Look at it again: Look at her face. She is proud. Her commode is perfect and holy -- Madonna and child rendered as Housewife and toilet.

"That isn't me!" she lies. I force the door open, and try to push myself past her. She blocks my way with her matronly bulk, so I grab her face with both hands, jamming my thumbs into her eyesockets and squeezing until she screeches. Each eye collapses with a sharp plastic *snap!*, like crushing wet ping-pong balls. I shove her down and crash my knee into her soft belly; her breath rushes out -- Whuf! I twist her head until her tendons crack, and she slumps down beside the door, sitting upright and gingerly wiping at her eyesockets with her hands, weeping. As she whimpers and moans, a trickle of bright blood -- thinned with tears -- runs from her right eyelid down her cheek onto her lip. I kick her breasts and chest repeatedly; with each kick, she grunts involuntarily. On the third kick, I feel something crunch and give, and pink foamy spittle wells from her lips and nostrils. She falls sideways with her head on the doorsill. Her breath catches with a wet slippery rattle, but she does not move.

"Where is it?!" I yell. "WHERE IS IT???" I yell again. Perhaps I was a little harsh, but one must do what is necessary. I run down the hall, turn to the left. Kitchen. No! Back up and turn to the right. There's the living room, and AH! There it is!
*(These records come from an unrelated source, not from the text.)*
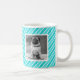 Uma caneca de fotos personalizada e bonita, com um plano de fundo azul brilhante e padrão de distribuição branca. Adicione seu próprio toque pessoal a uma caneca adicionando fotos de seus filhos, animais de estimação e outros membros da família.
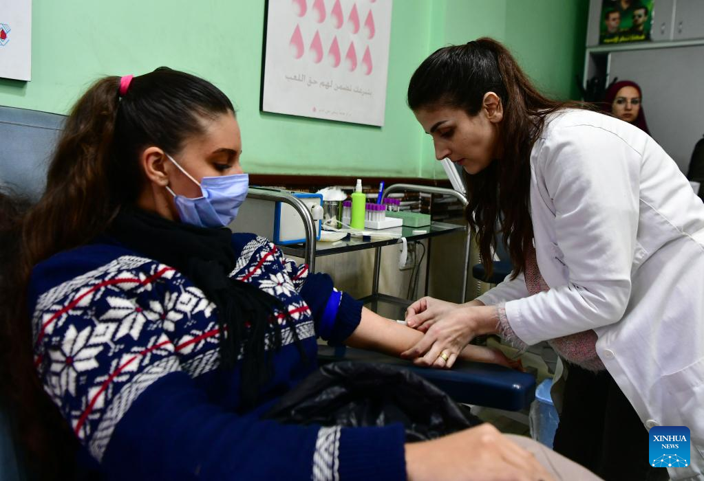 A woman donates blood at a blood donation center in Damascus, capital of Syria, Feb. 8, 2023. The death toll from Monday's devastating earthquakes in Trkiye and Syria has surpassed 17,000, according to latest data. In Syria, at least 1,581 were killed in government-held areas, and the death toll in the opposition-held region is 1,975, according to media reports. (Photo by Ammar Safarjalani/Xinhua)
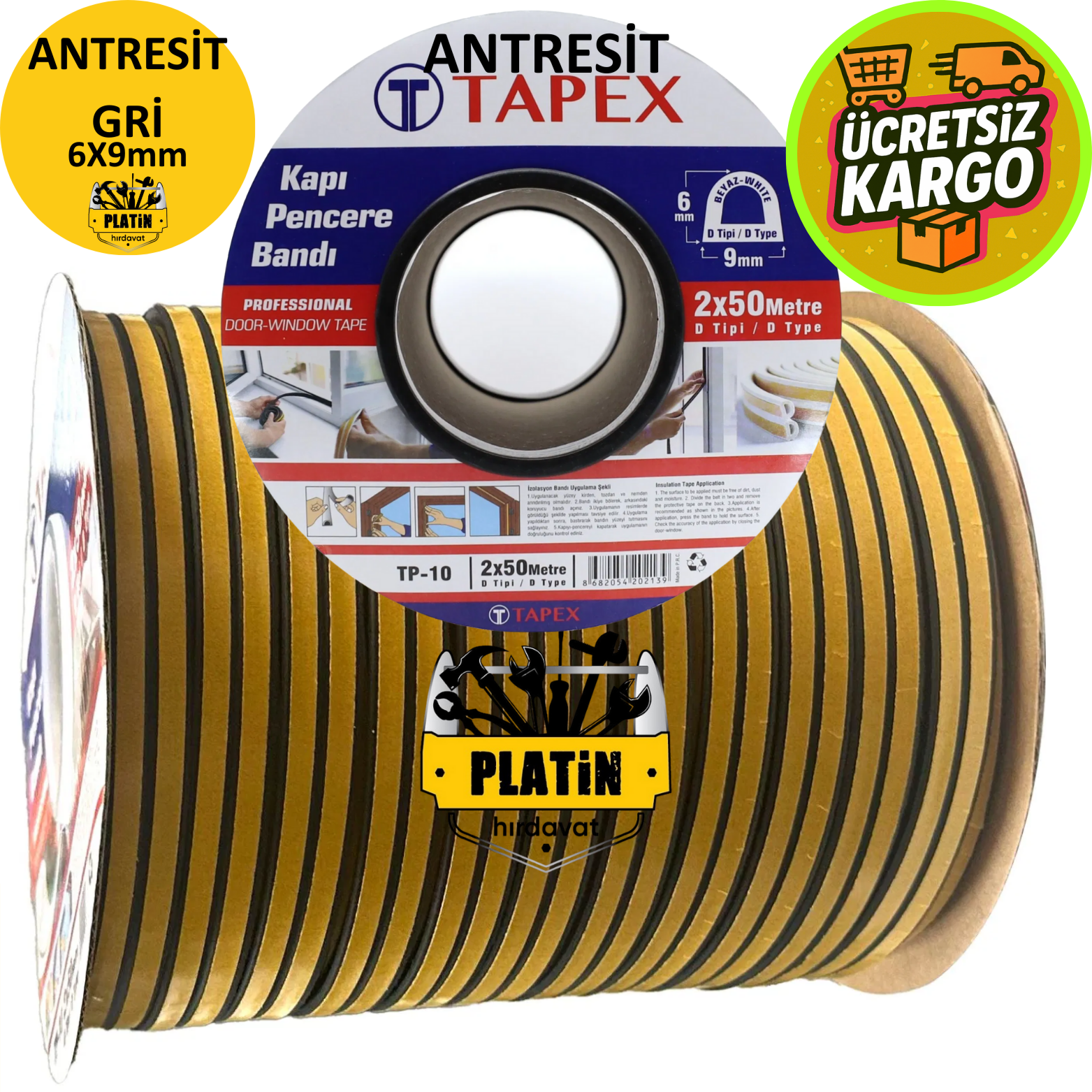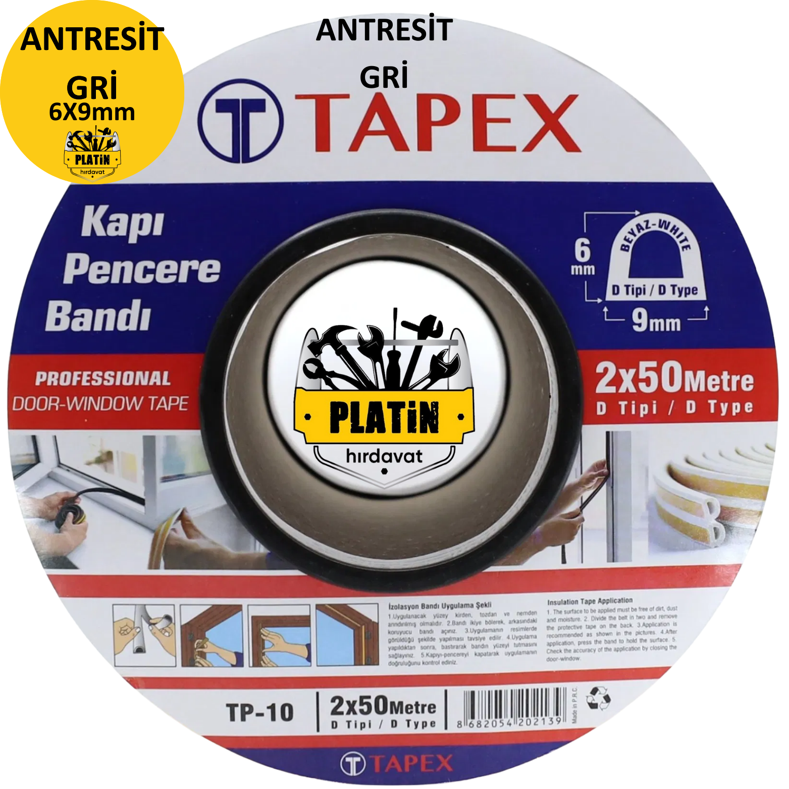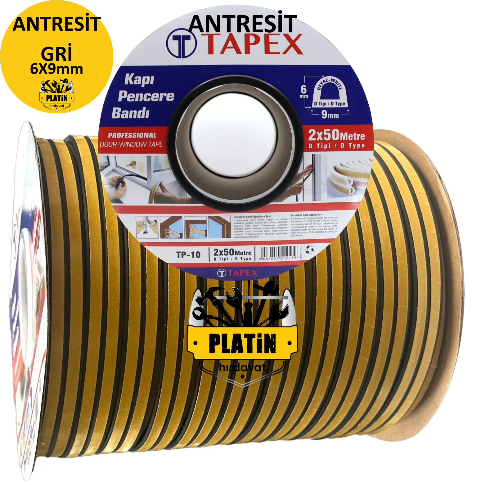 Tapex Kapı ve Pencere İzolasyon Bandı - Fitili 50x2 = 100 Metre Antresit Gri
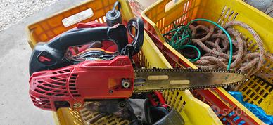 Non è mia, appartiene ad un conoscente anziano. La motosega va in moto ma ha problemi di frizione (gira sempre, ed è pericolosa da accendere quindi). Numerosi pezzi nuovi = 2 bobine nuove (prezzo 75 euro l'una) per cui prezzo non trattabile Carter accensione nuovo non originale (25 euro) Candela nuova (10 euro) Molle frizione nuove (15 euro) 2 catene messe discretamente. Il prezzo è tale solamente per recuperare almeno in parte il costo delle due bobine. Identica a Echo 2511
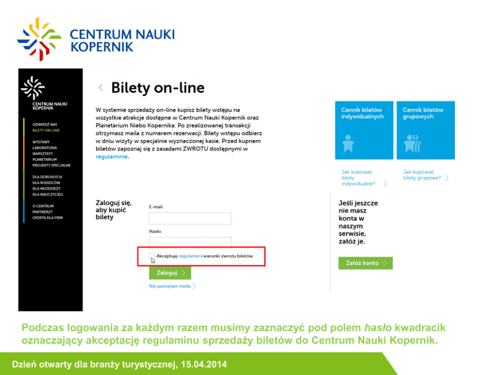 Podczas logowania za każdym razem musimy zaznaczyć pod polem hasło kwadracik oznaczający akceptację regulaminu sprzedaży biletów do Centrum Nauki Kopernik. Dzień otwarty dla branży turystycznej, 15.04.2014 Po kliknięciu w pole z liczbą biletów możemy zmienić jego wartość za pomocą znaków + i –. Możemy też wpisać liczbę na klawiaturze. Dzień otwarty dla branży turystycznej, 15.04.2014 tytuł tekst Po wybraniu liczby biletów, aby zatwierdzić wybór klikamy w przycisk OK. Dzień otwarty dla branży turystycznej, 15.04.2014 tytuł tekst Na kolejnym ekranie podsumowania możemy zmienić liczbę biletów lub przejść do wyboru terminu naszej wizyty. Dzień otwarty dla branży turystycznej, 15.04.2014 tytuł tekst Na kolejnym ekranie wybieramy termin wizyty, a następnie zatwierdzamy to za pomocą przycisku Wybieram ten termin. Dni zaznaczone na szaro są nieaktywne. W tych dniach nie ma biletów do sprzedaży. Dzień otwarty dla branży turystycznej, 15.04.2014 tytuł tekst Po wybraniu dnia wizyty pozostaje nam wybranie godziny rozpoczęcia wizyty w Centrum Nauki Kopernik. Dzień otwarty dla branży turystycznej, 15.04.2014 tytuł tekst Na ostatnim ekranie podsumowania nie mamy już możliwości edycji zamówienia. Aby przejść do płatności trzeba kliknąć przycisk Dane i płatność. Dzień otwarty dla branży turystycznej, 15.04.2014 Na ekranie podsumowania płatności możemy poprosić o wystawienie e-faktury (zostanie wysłana na adres e-mail podany przy rejestracji). Aby dokonać płatności musimy kliknąć w przycisk Płatności PayU. …………………….. …………………….. Dzień otwarty dla branży turystycznej, 15.04.2014 tytuł tekst Po wybraniu metody płatności, należy potwierdzić to kliknięciem w przycisk Przejdź do płatności. Dzień otwarty dla branży turystycznej, 15.04.2014 Do przejścia na stronę internetową wybranej metody płatności wymagana jest akceptacja regulaminu płatności PayU. Dzień otwarty dla branży turystycznej, 15.04.2014 Po akceptacji regulaminu PayU jesteśmy przekierowani do strony internetowej wybranej przez nas metody płatności. Wszystkie dane do przelewu są uzupełnianie automatycznie. Musimy jedynie zaakceptować płatność. Dzień otwarty dla branży turystycznej, 15.04.2014 tytuł …………………….. tekst Po zleceniu płatności system PayU wysyła do nas (na adres e-mail podany w trakcie rejestracji) e-mail z podsumowaniem transakcji. Jest to tylko potwierdzenie zlecenia a nie dowód wpłaty. Dzień otwarty dla branży turystycznej, 15.04.2014

In the middle of the living room is the toilet, raised about a foot on a black iron pedestal at the center of the polished oak floor. The room is otherwise empty, and the gray curtains are drawn. I kneel before the sweet white shrine and raise the lid. Inside, a single perfect brown fecal bolus, lightly speckled with embedded corn and annointed with rose petals, gently floats in an oily translucent blue fluid. The heavy meaty aroma invades my yearning nostrils, and I inhale deeply deeply deeply, not wanting to ever exhale but must QUICKLYExhaleExhale!!! then inhale and inhale again, breathe again and again taking it all in oh! oh! oh! sating my desire my need my self I... Oh! OH!

One. Two. Three.

I am filled. Close the lid.

Now I must visit the other houses, for I do not believe that her toilet is the nicest smelling one in the neighborhood.